На то, что все политические достижения «украинцев», объяснялись исключительно обманом самых разных слоев населения, но, прежде всего, крестьян, указывает также представитель еврейских организаций в Центральной Раде, киевский адвокат А.А.Гольденвейзер: «Секрет успеха национальной украинской агитации был в том, что она – так же, как впоследствии агитация большевистская – вполне угождала желаниям и склонностям широких, по преимуществу сельских масс. Крестьянам внушалось, что Центральная Рада защитит их от невыгодного общего передела земли с безземельными крестьянами севера. Их настраивали против Временного правительства, требовавшего от них все новых и новых жертв и настаивавшего на выполнении всех старых повинностей. Им внушали мысль, что не Украина затеяла войну и что поэтому они не обязаны воевать.
Широкие массы воспринимали возвещенные Центральной Радой лозунги именно в таком, полуанархическом и полудезертирском, смысле. И они пошли за Радой – впрочем, ненадолго. Полгода, а затем вторично полтора года спустя, те же самые Винниченко и Петлюра не могли ничего противопоставить тем уже вполне откровенно анархическим и дезертирским лозунгам, с которыми двигались на Украину большевики. И, как Гетевский “Zauberlehrling”, украинские лидеры не смогли совладать с духами, которых они же вызвали наружу»33…
У ЛЖИ НОГИ КОРОТКИ… Методы, избранные Центральной Радой для достижения своих сепаратистских целей, могли, конечно, обеспечить успех на ограниченный срок, но в более длительной перспективе неизбежно вели ее к политическому краху. Достаточно показателен в этом плане процесс формирования «украинской армии».
Обладание своими вооруженными силами по тем временам являлось единственным средством, способным обеспечить политический успех. Поэтому, хотя официально провозглашенное «украинцами» стремление к «автономии» в составе единой России и не предполагало обязательного наличия собственной «украинской армии», Рада с первых же дней своего существования активно занялась формированием таковой, выдвинув лозунг «украинизации армии» (разумеется, Русской)… В теории данный лозунг предполагал выделение «украинцев» в особые части, а затем и в отдельную «украинскую армию». Понятно, что реализация этого намерения на практике создавала невообразимый хаос на фронте, ибо выходцы из Малороссии, как и остальные Русские, служили в армии на общих основаниях, т.е. распределялись во все ее подразделения и части.
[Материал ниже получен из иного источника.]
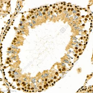 IHC检测GADD45A蛋白(货号 GB11576). 样品: 大鼠睾丸, 4%多聚甲醛 (货号G1101) 固定12-24小时. 抗原修复: 柠檬酸抗原修复液(干粉, pH 6.0) (G1201), 98℃, 20分钟. —抗: 1: 1500稀释, 4℃ 孵育过夜. 二抗: HRP标记山羊抗兔IgG (H+L) (货号GB23303), 1: 200稀释, 室温孵育1小时. |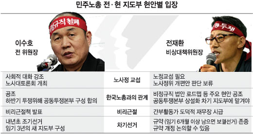 이 가운데 최고의 관심사는 비상대책위원장으로 선출된 전재환(45) 금속산업연맹위원장의 현 상황에 대한 관점이다. 비대위가 어떻게 굴러갈지를 가늠할 잣대이기 때문이다.

Специальное выделение малороссов и замена их другими солдатами сопровождались путаницей и неразберихой, тем более что не все части, предназначенные командованием к «украинизации», соглашались на таковую или соглашались не в полном составе. В целом же этот процесс привел лишь к еще большей дезорганизации Русской Армии. После «Приказа №1» и подрывной, капитулянтской агитации большевиков «украинизация» стала еще одним рычагом по деморализации и развалу вооруженных сил России.
Пропаганда лозунга «украинизации армии» сопровождалась обещанием, что все «украинцы» будут возвращены с далеких фронтов на родину, в Малороссию, для ее «обороны». К этому добавлялись призывы вообще против продолжения войны, так как, дескать, «не Украина ее начинала»… Многие поспешили воспользоваться предоставляемыми «украинизацией» возможностями.
Одни записывались в «украинцы» в надежде скорее вернуться в родные места; другие, бросивши фронт и болтаясь по тылам, оправдывали свое дезертирство желанием воевать только в «украинских частях». Но защищать «Украину» записавшиеся в «украинцы» солдаты не намеревались…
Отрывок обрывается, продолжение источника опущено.